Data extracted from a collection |
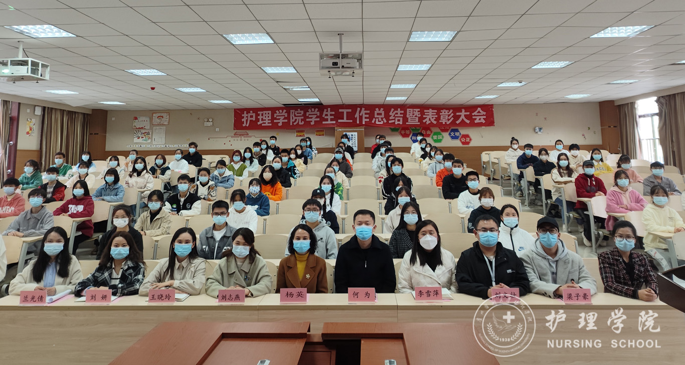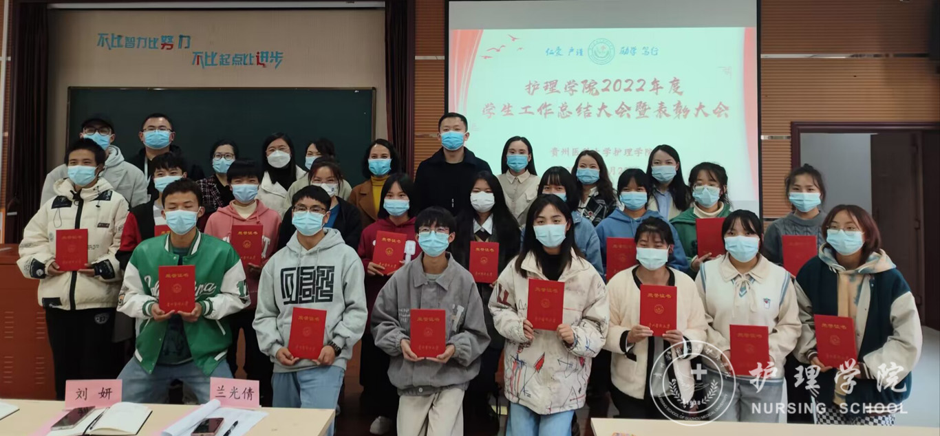 首先,何为从学生党团建工作、日常管理、毕业生就业工作、校园文化活动以及疫情防控志愿服务活动等方面对学院2022年学生工作进行了总结。副院长刘志燕宣读了表彰决定及获奖名单,并对获奖集体和学生个人进行鼓励,希望获奖同学来年更上一层楼。紧接着,学生代表胡锦江发言,他分享了自己进入大学以来的经历与收获,号召同学们学会审视自己,充分掌握护理学专业知识,做有理想有担当的青年学子。
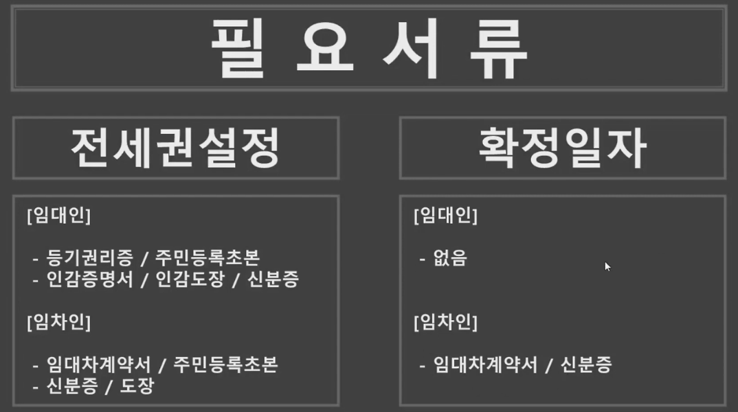 - 전세권 설정 등기는 집주인의 동의가 필요하며, 보증금 액수에 따라 등기비용이 다릅니다. 비용이 확정일자보다 더 비쌀 수 있지만, 그만큼 강력한 법적 효력을 가집니다.
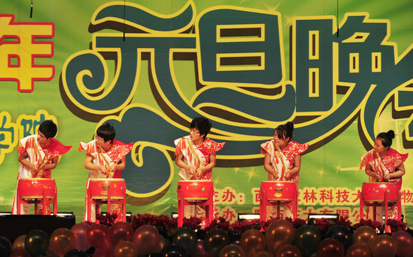 校阮乐团打击乐队击鼓表演《滚核桃》
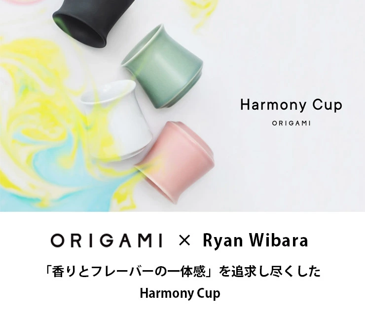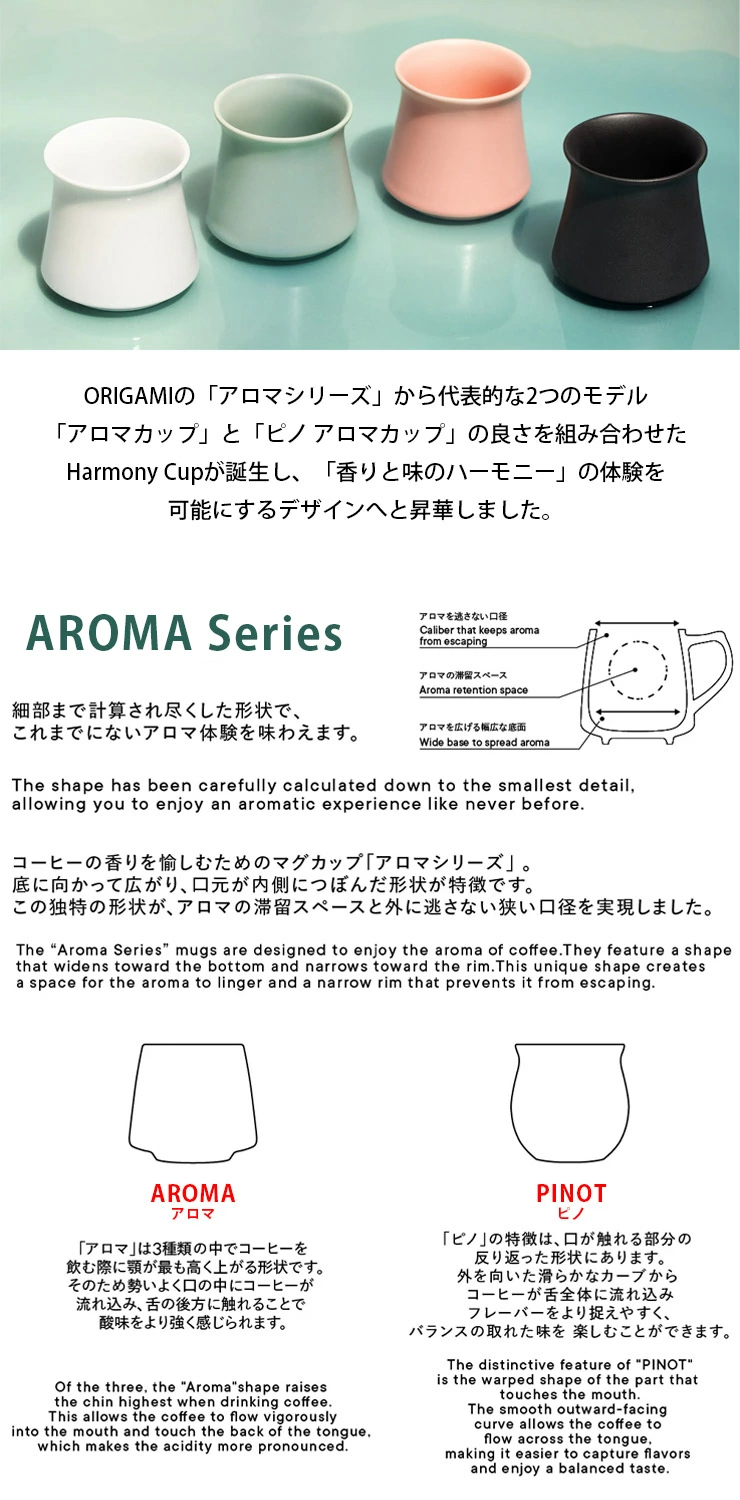 ハーモニーカップの基本シェイプは、ORIGAMI「AROMA Series(アロマシリーズ)」の構造をベースとし、コーヒーの香りをしっかりと閉じ込め、飲む際に香りが豊かに広がるように設計されています。スぺシャルティコーヒーの複雑でフルーティなアロマが、カップを持ち上けた瞬間に鼻腔を満たし、飲む前から味わいを深く感じることができます。この香りの保有力は、カップ内で極限まで香りが逃げにくいデザインだからこそ叶う演出で、最後の一口まで香りと温かさを保つことでコーヒーの魅力を余すことなく楽しむことが可能です。
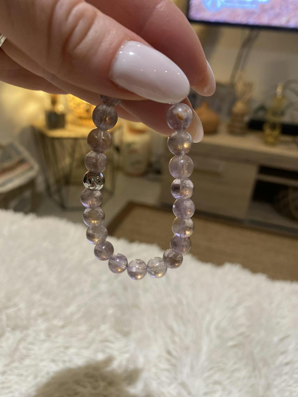 Le bracelet est composé de perles rondes lisses ou facettées, aux reflets violets captivants. Les perles mesurent généralement entre 6 mm et 10 mm, selon les préférences de discrétion ou d’intensité.
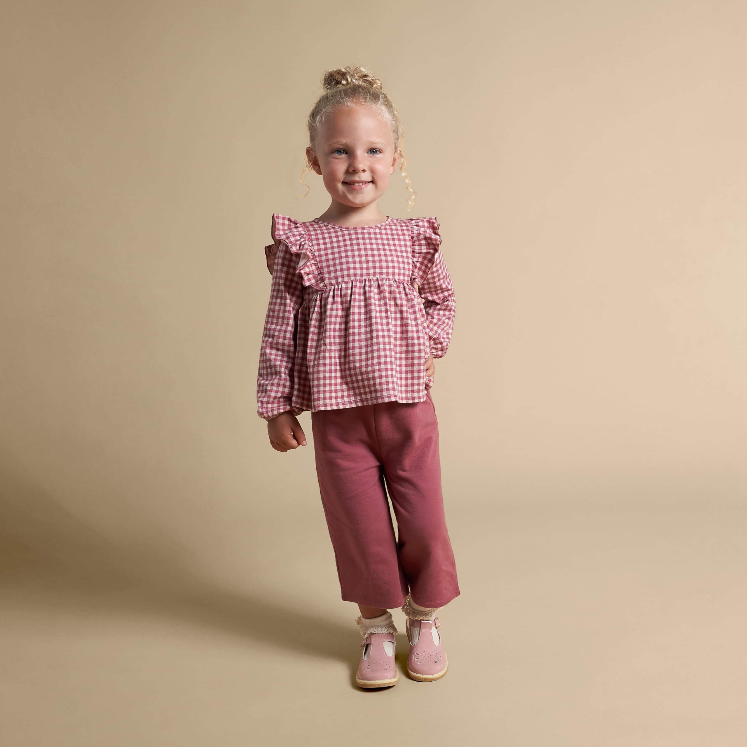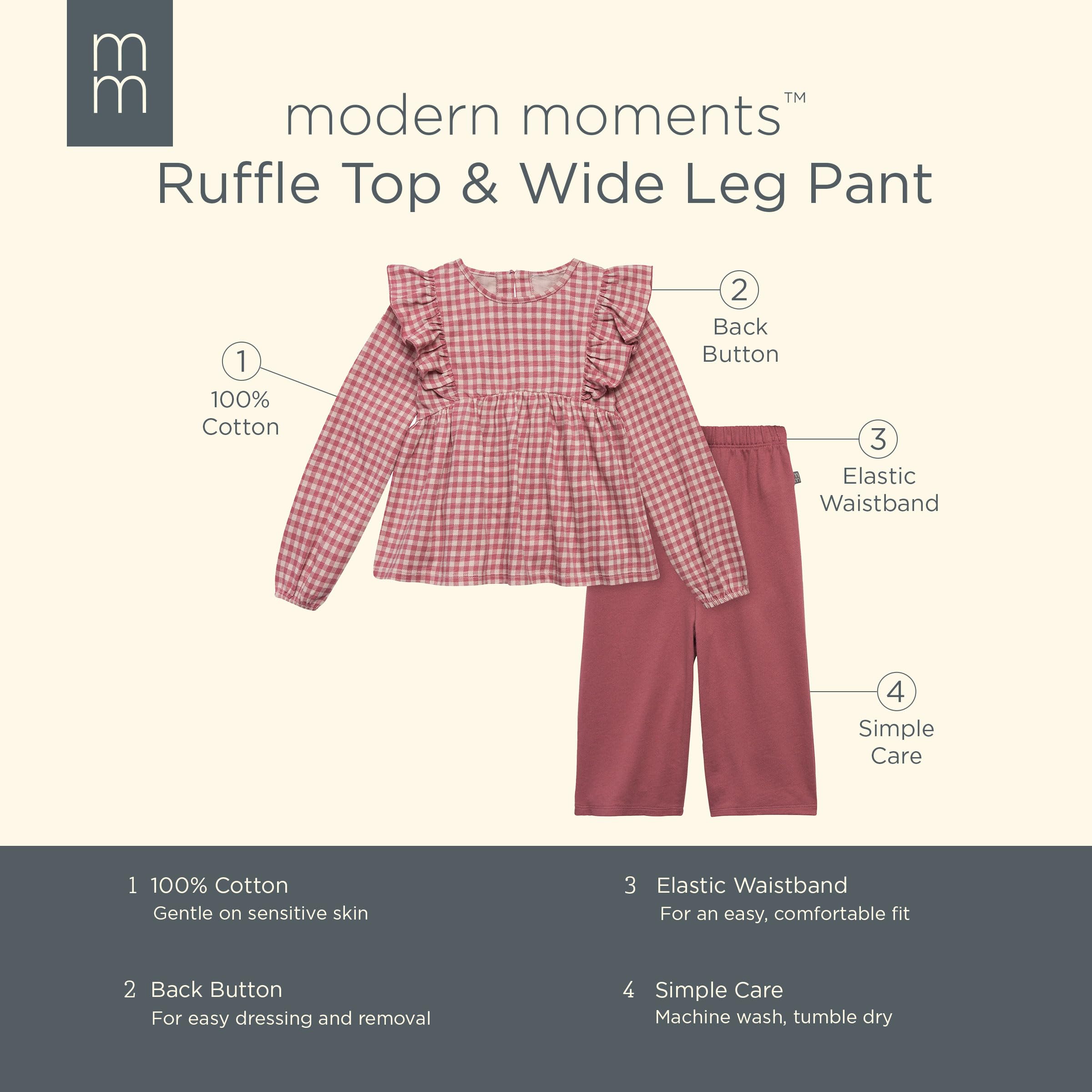Description Elevate your little one's style with our adorable baby or toddler top and pants set, made from 100% cotton for a gentle feel on sensitive skin! Perfect for cooler weather, this set features long sleeves and pants to keep your child warm and cozy. Elastic at the sleeve cuffs and pants' waistband provides a comfortable fit that moves with your little one as they play or go about the day. And with faux wood buttons on the back of the shirt to secure the top and stylish shoulder ruffles adding a touch of charm, this set is sure to become a wardrobe favorite.

Task statement | Transcribe each entry above exactly, apart from the pictures.

Expected answer |
 首先,何为从学生党团建工作、日常管理、毕业生就业工作、校园文化活动以及疫情防控志愿服务活动等方面对学院2022年学生工作进行了总结。副院长刘志燕宣读了表彰决定及获奖名单,并对获奖集体和学生个人进行鼓励,希望获奖同学来年更上一层楼。紧接着,学生代表胡锦江发言,他分享了自己进入大学以来的经历与收获,号召同学们学会审视自己,充分掌握护理学专业知识,做有理想有担当的青年学子。
 - 전세권 설정 등기는 집주인의 동의가 필요하며, 보증금 액수에 따라 등기비용이 다릅니다. 비용이 확정일자보다 더 비쌀 수 있지만, 그만큼 강력한 법적 효력을 가집니다.
 校阮乐团打击乐队击鼓表演《滚核桃》
 ハーモニーカップの基本シェイプは、ORIGAMI「AROMA Series(アロマシリーズ)」の構造をベースとし、コーヒーの香りをしっかりと閉じ込め、飲む際に香りが豊かに広がるように設計されています。スぺシャルティコーヒーの複雑でフルーティなアロマが、カップを持ち上けた瞬間に鼻腔を満たし、飲む前から味わいを深く感じることができます。この香りの保有力は、カップ内で極限まで香りが逃げにくいデザインだからこそ叶う演出で、最後の一口まで香りと温かさを保つことでコーヒーの魅力を余すことなく楽しむことが可能です。
 Le bracelet est composé de perles rondes lisses ou facettées, aux reflets violets captivants. Les perles mesurent généralement entre 6 mm et 10 mm, selon les préférences de discrétion ou d’intensité.
Description Elevate your little one's style with our adorable baby or toddler top and pants set, made from 100% cotton for a gentle feel on sensitive skin! Perfect for cooler weather, this set features long sleeves and pants to keep your child warm and cozy. Elastic at the sleeve cuffs and pants' waistband provides a comfortable fit that moves with your little one as they play or go about the day. And with faux wood buttons on the back of the shirt to secure the top and stylish shoulder ruffles adding a touch of charm, this set is sure to become a wardrobe favorite.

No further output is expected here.